1. How many observations are there?

In [None]:
#144015 observations
df.info()

2. Change the column-names to be Pythonic:

- lowercase 
- replace " " with `_` as a separator
- replace "#" with `num` 


In [None]:
# Converting column names to lowercase
df.rename(columns=lambda x : x.lower(), inplace=True)
df.rename(columns=lambda x : x.replace(' ', '_'), inplace=True)
df.rename(columns=lambda x : x.replace('#', 'num'), inplace=True)
df

3. How many types of subscription options are there?

In [None]:
df['subscription_type'].unique()

4. What is the frequency of each subscription option?

In [None]:
#df.groupby('subscription_type').count().trip_id
df['subscription_type'].value_counts()

5. Please plot the frequency of each subscription option with pie chart.

In [None]:
# pandas.df.plot
df['subscription_type'].value_counts().plot(kind='pie');

# matplotlib
subs = df['subscription_type'].value_counts()
subs = pd.DataFrame([subs])
x = subs.columns

fig, ax = plt.subplots()
ax.pie([subs.iloc[0,0], subs.iloc[0,1]], labels=x, autopct="%.2f")
plt.show()

6. Please plot the frequency of each subscription option with bar chart.

In [None]:
df.groupby('subscription_type').count().trip_id.plot(kind='bar');

7. Repeat same analysis for start_station but sorted from high to low.

In [None]:
df.groupby('start_station').count().sort_values('trip_id', ascending=False)#.trip_id.plot(kind='bar');

8. Repeat same analysis for end_station but sorted from __low to high__.

In [None]:
df.groupby('end_station').count().sort_values('trip_id', ascending=True)#.trip_id.plot(kind='bar');

9. Looking at just the most popular start stations and the most popular end stations, what are the qualitative similarities and differences between the set of start stations and set of end stations?  

In [None]:
#df.sort_values('bike_num', ascending=False)
df["start_station"].value_counts().nlargest(5)

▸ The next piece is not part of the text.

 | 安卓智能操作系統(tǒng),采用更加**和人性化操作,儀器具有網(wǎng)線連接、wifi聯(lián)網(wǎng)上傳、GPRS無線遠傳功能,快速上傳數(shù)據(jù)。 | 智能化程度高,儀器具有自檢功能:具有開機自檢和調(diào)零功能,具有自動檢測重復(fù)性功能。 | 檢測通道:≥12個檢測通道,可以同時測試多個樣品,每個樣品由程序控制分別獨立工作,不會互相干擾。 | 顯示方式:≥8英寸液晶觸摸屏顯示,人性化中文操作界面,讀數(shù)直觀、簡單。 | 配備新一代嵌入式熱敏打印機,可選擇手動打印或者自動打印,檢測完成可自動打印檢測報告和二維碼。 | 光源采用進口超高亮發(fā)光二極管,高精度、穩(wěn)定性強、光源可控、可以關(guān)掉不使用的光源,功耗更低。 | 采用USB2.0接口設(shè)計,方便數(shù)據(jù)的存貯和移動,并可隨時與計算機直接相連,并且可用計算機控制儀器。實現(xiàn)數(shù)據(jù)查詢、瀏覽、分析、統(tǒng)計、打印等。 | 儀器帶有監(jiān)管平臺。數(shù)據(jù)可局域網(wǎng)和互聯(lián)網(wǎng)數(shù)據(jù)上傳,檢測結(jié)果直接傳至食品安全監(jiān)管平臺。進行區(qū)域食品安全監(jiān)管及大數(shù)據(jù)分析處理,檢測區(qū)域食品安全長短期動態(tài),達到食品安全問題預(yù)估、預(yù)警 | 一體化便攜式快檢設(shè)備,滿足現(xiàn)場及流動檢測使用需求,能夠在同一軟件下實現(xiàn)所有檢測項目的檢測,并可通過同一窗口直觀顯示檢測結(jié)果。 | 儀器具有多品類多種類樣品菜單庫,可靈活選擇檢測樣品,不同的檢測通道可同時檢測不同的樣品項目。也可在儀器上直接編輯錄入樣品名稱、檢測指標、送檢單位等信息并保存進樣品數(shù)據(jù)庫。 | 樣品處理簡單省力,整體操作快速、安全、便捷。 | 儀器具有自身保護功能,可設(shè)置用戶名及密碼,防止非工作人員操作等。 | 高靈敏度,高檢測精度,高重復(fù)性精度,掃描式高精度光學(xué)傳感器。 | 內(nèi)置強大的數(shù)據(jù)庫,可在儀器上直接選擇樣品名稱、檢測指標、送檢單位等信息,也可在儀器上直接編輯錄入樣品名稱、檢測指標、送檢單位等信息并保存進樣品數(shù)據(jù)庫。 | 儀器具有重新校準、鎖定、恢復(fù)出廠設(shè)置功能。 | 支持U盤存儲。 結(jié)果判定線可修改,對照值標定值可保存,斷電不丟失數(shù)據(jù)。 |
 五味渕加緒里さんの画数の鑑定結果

10. Create a table that has start_station segmented by subscription_type.

Include the marginals.

<details><summary>
Click here for a hint…
</summary>
`pd.crosstab`
</details>

In [None]:
pd.crosstab(df.start_station, df.subscription_type)


11. Let's look at duration....

How long is the shortest trip? How many are that short?

In [None]:
# df.duration.min() = 60. 
# 17 trips are just 60 seconds long.

df.duration.min()
df.query('duration == duration.min()').shape[0]

12. What do you think is going on with the short trips?

In [None]:
# Duration.min() = 60, must be seconds, all short trips end where they began.
# Seem to be interrupted bookings or immediate returns assigned to a minimum value of 60 seconds.

df.query('duration == duration.min()')
df.query('duration == duration.min() and start_station != end_station').shape[0]

13. What is the longest trip? How many trips are "long"?

14. Do the long durations seem reasonable? Why are they so long? What could that tell us about the users?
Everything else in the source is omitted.